Since apparently nobody’d yet answered, and to distract himself from staring at the man’s daughter as much as anything, Sam said, “Mostly likely, they’ll send out Darryl Andrews. Since he’s the only mechanic in town.”

“And what town might that be?”

“Haven. Oklahoma,” he added, since you could never be too sure with tourists. Then Lane said “Hello, yeah, I’ve got a broken down vehicle here, I need a tow” into the phone and Sam went back to watching Carly and his son, who appeared to have started up something resembling a conversation.

The kid was kind of cute, Carly supposed, if you were into that sort of thing. Like the way the sun glinted off his hair, fine and white blond like peach fuzz, the pudgy little tummy pooching out his sweatshirt, his scuffed Spiderman sneakers. He was subdued but not shy, which she found nearly as disconcerting in the preschooler—when did kids start losing their baby teeth, anyway?—as she did in grown men.

Like the lanky one with the honeyed gaze currently talking to her father.

“That’s my daddy,” the child said, and Carly forced herself to look away from whatever she found so fascinating. Because other than a slight hitch in his gait which raised the question How? there was nothing remarkable about the man. Just a country guy in jeans and plaid shirt worn open over a T-shirt, sun-baked features shadowed by the brim of a Purina ball cap.

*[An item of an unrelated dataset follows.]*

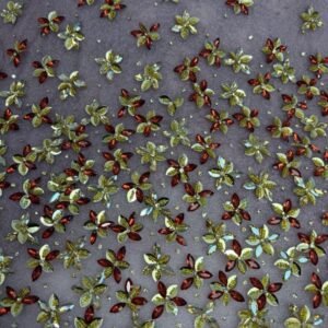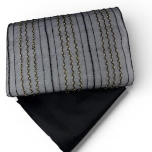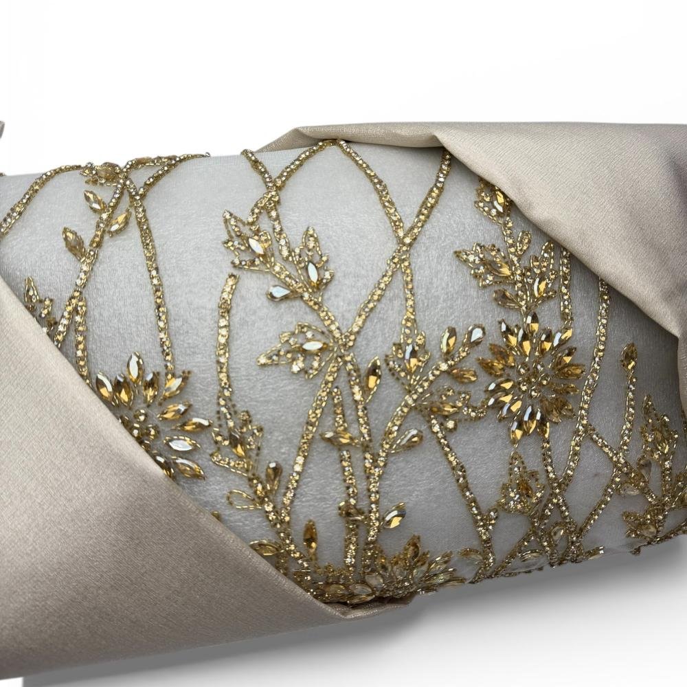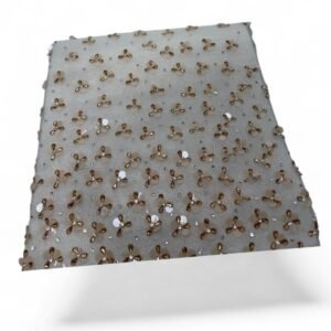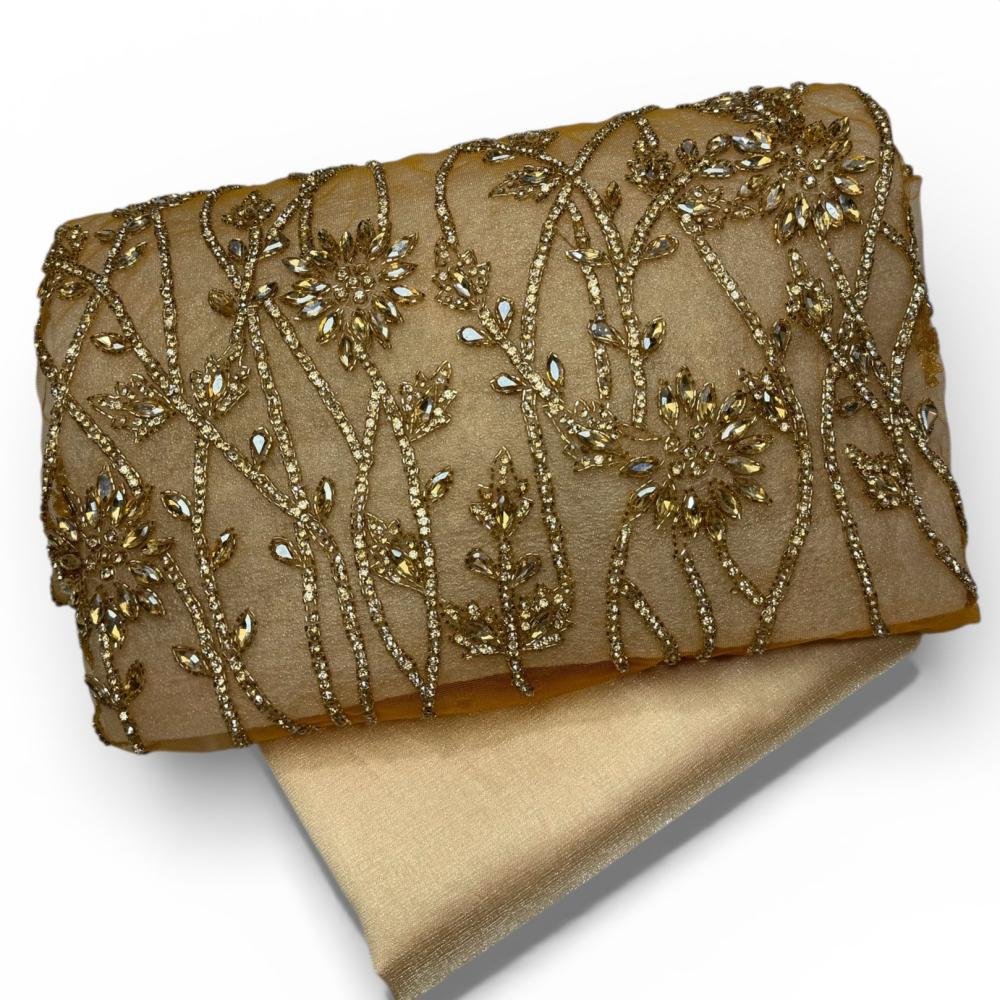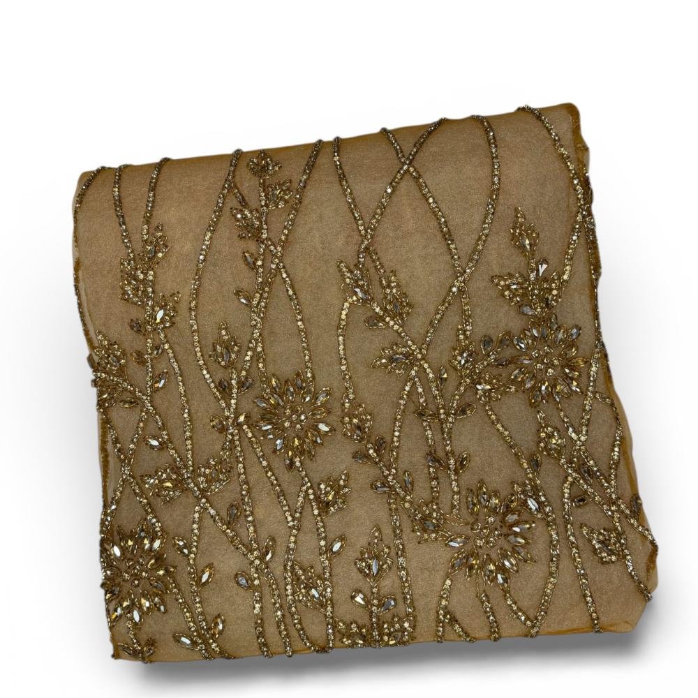 قماش مطرّز بلمسة ملكية يخطف الأنظار من النظرة الأولى، حيث تتراقص الزخارف النباتية المذهّبة على قاعدة ناعمة بلون دافئ يوحي بالفخامة والرقي. تطريزات دقيقة تنساب بخطوط متداخلة، تتخللها تفاصيل براقة تضيف عمقًا ولمعانًا راقيًا، لتمنح القطعة حضورًا فخمًا يليق بالمناسبات الاستثنائية.

Nothing noteworthy at all. But her eyes would keep moseying back over there, wouldn’t they?

Her stomach rumbled, reminding her she hadn’t had breakfast.

“I kind of figured that,” she said to the kid, thinking maybe she should smile or something. “What’s your name?”

“Travis. How come you got so many earrings?”

Carly’s hand lifted to one ear, touching the dangling strand of beads hanging from her lobe. A pair of studs kept it company, while farther up a small gold loop hugged the rim. “’Cause I like ’em,” she said. “And this way, I don’t have to narrow it down to a single choice every morning.”

Travis seemed to consider this for a minute, then said, “My sister, Libby, has holes in her ears, too. But only one set. Does it hurt?”

“No,” Carly said as the dog—a mottled gray and black thing with enormous ears and a toothy grin—exploded out of the weeds in front of them, dancing around the boy for several seconds before realizing he’d been remiss in not acknowledging the other human standing there. The beast plopped his butt down in the dirt, his wagging tail stirring up a dust cloud as he woofed hello.

“His name’s Radar,” the boy said. “He likes everybody. Daddy says he’s nothing but a big ol’ pain in the butt.”

The dog woofed again, and Carly laughed, which the dog took as an invitation to jump up and plant his paws on her thighs.

“Radar! Down!” “Daddy” said, striding over to grab the dog’s collar, even as Carly said, “No, no—it’s okay, really,” and then she looked up into his face and damned if she didn’t forget to breathe for a second or two. Because there was a substance behind those brandy-colored eyes that she hadn’t seen in an extraordinarily long time. If ever. Something that went beyond the surface friendliness, or even the shrewd intelligence that masked—barely—a simmering sensuality that made her slightly dizzy.

It was honesty, she thought with a start. The completely ingenuous openness of a man with no hidden agenda, with nothing to hide.

Or to lose.

“Shouldn’t be more’n ten, fifteen minutes before Darryl gets here with the wrecker. Hey,” he said when she swayed slightly. “You sure you’re okay?”